SPRINGFIELD, Ill. (AP) — Illinois lawmakers were set to lose their paychecks Thursday barring a court’s intervention, but there still appeared to be no end in sight to a stalemate over the state’s $100 billion pension mess that prompted Gov. Pat Quinn to withhold their salaries.
Members of the eight-member bipartisan pension committee say they are several weeks away from presenting a plan to fix the state’s worst-in-the nation $100 billion unfunded pension liability.
State Comptroller Judy Baar Topinka told The Associated Press Wednesday that she will have no choice but to withhold paychecks 177 lawmakers were set to receive Thursday. Quinn used the line-item veto of a budget bill to eliminate legislative salaries in apparent retaliation for their inaction on pension reform.
Legislative leaders have filed a lawsuit asking a court to issue the paychecks Thursday as scheduled, but by late Wednesday there was no signal that the court would intervene.
Baar Topinka said she also would be withholding Quinn’s paycheck, per his request. However, because of the way Quinn changed the bill, his salary could be restored at any time, she said. Lawmakers would have to return to session to reinstate their pay, and even then Quinn could use his veto pen to eliminate it again.
Speaking at an event Wednesday, Quinn declined to elaborate on why he chose to eliminate lawmaker salaries but not his own.
“I think what I did was the appropriate way to go,” he said.
Pension committee members said they are still waiting on savings estimates as they prepare a proposal developed by the University of Illinois’ Institute for Government and Public Affairs and touted by several of the state’s university presidents.
While Quinn has mused about the idea of a special session dealing with pension reform around the time of the Illinois State Fair in mid-August, committee member Mike Zalewski said it would be difficult to have something to show by then.

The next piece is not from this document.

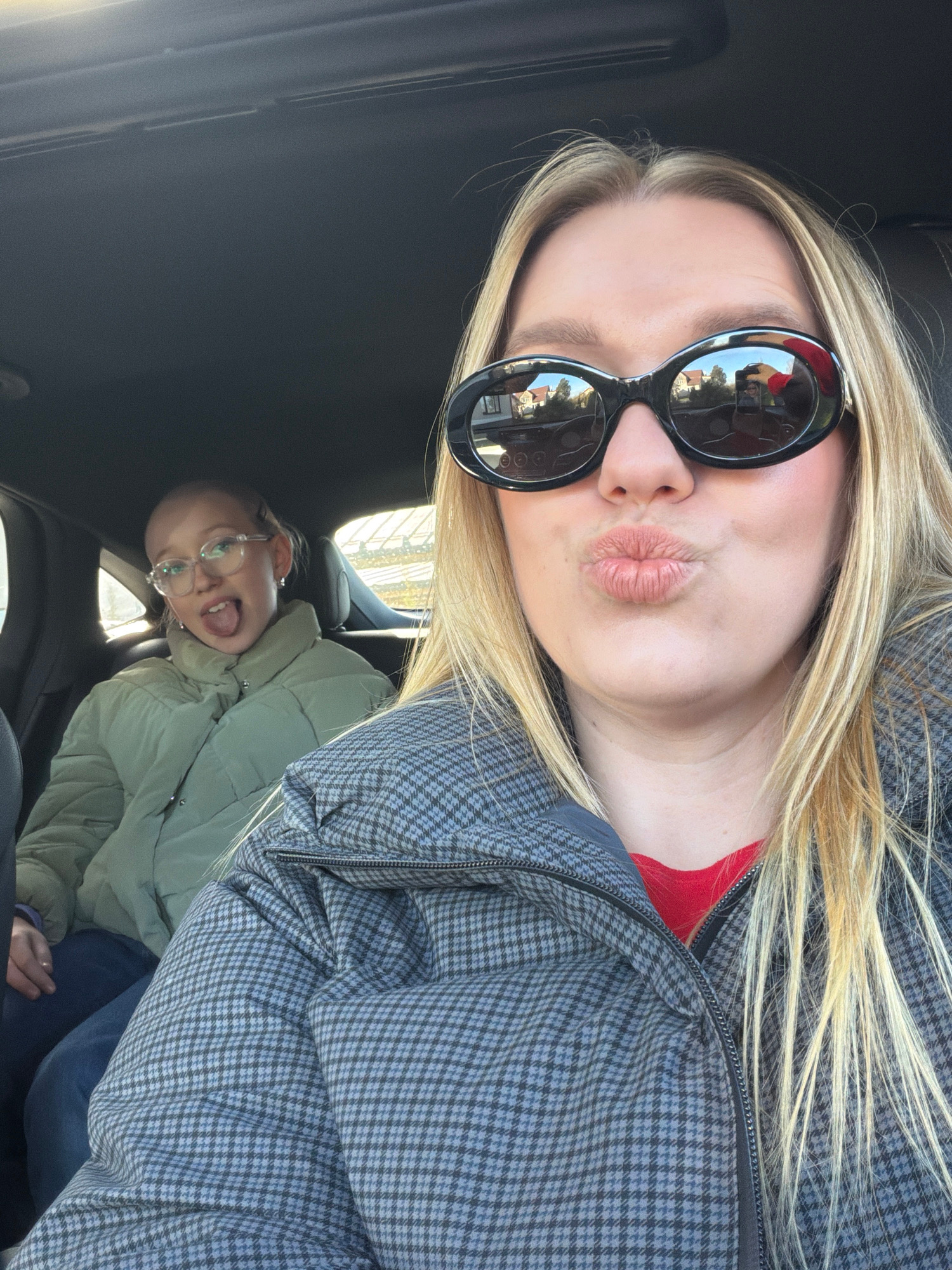A selfie photograph shows two individuals inside a vehicle. In the foreground, an adult woman is seen with blonde hair and sunglasses, making a pouting expression with her lips. She is wearing a gray…read more

“Calling a special session the week of the fair when we haven’t completed our work doesn’t make any sense,” said Zalewski, D-Riverside. “It’d be better for us to conclude our work and present it to the two chambers and say we really stand behind what we accomplish here.”
Zalewski said he hasn’t gotten any calls from colleagues concerned about the length of the process affecting their pay schedules.
State Sen. Kwame Raoul, a Chicago Democrat, said committee members, who have not met formally in the last week, speak by phone on a daily basis. He said he has also been meeting with union members and state employees that would be affected by any pension reform plan.
Like Zalweski, Raoul said the work shouldn’t be rushed.
“I’m not into predicting timelines,” Raoul said. “I think that’s the same mistake that led to their now being a lawsuit. That an arbitrary deadline was set that that was not at all scientific.”
Associated Press writer Sophia Tareen contributed to this report from Chicago.